Throughout the past few years I have had the pleasure of meeting in person many of the families and activists fighting to change an inherently unjust system and save our children along the way.
These meetings have filled my heart and fueled me and served to strengthen at my core my resolve to be part of this change. I have sat, stood and lunched with greatness. I have shared both tears and laughter as we shared in our grief and our successes. Some of which would never be celebrated by someone who didn’t “get” it. Like the significance of your child allowing you to hold her hand. Or walk with only that assistance.
Some of these people have become the people I now count among my closest friends. They are my village. More importantly they are Haley’s village. We inspire one another to do better, to be better, to fight harder, to expose more of our journey and our pain.

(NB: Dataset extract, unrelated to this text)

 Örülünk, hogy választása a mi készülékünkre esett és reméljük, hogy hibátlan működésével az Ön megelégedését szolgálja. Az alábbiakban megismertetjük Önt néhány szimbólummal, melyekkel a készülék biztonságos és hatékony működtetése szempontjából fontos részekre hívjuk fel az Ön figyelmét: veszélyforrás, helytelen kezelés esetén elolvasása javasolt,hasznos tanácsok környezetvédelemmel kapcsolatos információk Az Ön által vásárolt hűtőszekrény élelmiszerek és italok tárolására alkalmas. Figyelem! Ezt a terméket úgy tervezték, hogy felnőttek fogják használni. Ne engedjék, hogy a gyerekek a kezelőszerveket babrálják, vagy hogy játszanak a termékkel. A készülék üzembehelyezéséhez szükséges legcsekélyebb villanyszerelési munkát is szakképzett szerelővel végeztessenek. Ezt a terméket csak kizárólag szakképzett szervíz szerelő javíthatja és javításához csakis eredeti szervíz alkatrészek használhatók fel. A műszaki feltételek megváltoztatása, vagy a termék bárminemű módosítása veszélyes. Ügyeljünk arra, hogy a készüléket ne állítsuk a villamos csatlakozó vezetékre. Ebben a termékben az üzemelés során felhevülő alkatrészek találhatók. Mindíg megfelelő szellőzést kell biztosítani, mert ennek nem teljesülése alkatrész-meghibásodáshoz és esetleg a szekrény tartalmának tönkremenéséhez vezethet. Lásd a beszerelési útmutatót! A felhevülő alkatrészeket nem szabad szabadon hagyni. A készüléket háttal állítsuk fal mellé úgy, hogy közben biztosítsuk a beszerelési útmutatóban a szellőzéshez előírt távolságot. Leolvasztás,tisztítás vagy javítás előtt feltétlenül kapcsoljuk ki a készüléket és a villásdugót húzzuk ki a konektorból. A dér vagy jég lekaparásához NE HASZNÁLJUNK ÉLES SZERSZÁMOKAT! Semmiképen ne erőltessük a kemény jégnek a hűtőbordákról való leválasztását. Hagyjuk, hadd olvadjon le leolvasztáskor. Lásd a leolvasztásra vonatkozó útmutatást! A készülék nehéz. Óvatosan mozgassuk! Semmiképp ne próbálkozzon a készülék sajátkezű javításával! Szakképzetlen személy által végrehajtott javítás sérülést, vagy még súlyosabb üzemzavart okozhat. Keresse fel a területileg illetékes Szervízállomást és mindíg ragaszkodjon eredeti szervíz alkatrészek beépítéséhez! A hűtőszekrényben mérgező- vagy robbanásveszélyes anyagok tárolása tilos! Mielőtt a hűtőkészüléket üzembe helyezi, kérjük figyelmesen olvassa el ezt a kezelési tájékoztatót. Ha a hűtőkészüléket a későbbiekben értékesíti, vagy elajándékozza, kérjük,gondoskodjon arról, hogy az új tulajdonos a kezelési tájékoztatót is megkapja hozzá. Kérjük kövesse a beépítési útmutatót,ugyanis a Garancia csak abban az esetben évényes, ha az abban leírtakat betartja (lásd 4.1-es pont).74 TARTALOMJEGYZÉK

Grateful doesn’t begin to account for how I feel for these people who were once strangers just traveling a parallel path. As one of them wisely told me “Fate is seldom wrong”. Fate has brought us all together and together we will do better than we could have without one another.
To my friends, to my village, to the ones I’ve been blessed to meet and the ones I haven’t yet, thank you. Thank you for being on this journey with us. With all of it’s ups and downs, hills and valleys (that often happen in a single day, sometimes a single hour). Thank you for not just bearing witness to our pain but sharing in it. Sharing yours when you think it’s needed. And celebrating the successes together.
Thank you for the poignant moments and the humorous ones. For supporting me when I couldn’t support myself. For caring so intensely about a little girl and her struggle to survive in a world that seems intent on making that more difficult.
Thank you to the families that have bared their journeys. That have shared their most vulnerable moments in an effort to show others they are not alone.
Thank you to the parents and friends of Haley’s who help her feel like just another kid by including her when it would be easier not to. For teaching your children that different isn’t scary. That compassion and empathy matter.
And thank you to the activists who work too hard for too little reward. But use an image of a little 7 year old girl advocating for herself as fuel to drive a little further today than we did yesterday.
One love to you all. Our village. Greatness lives in each and every one of you and I am humbled and honored that you share it with my family.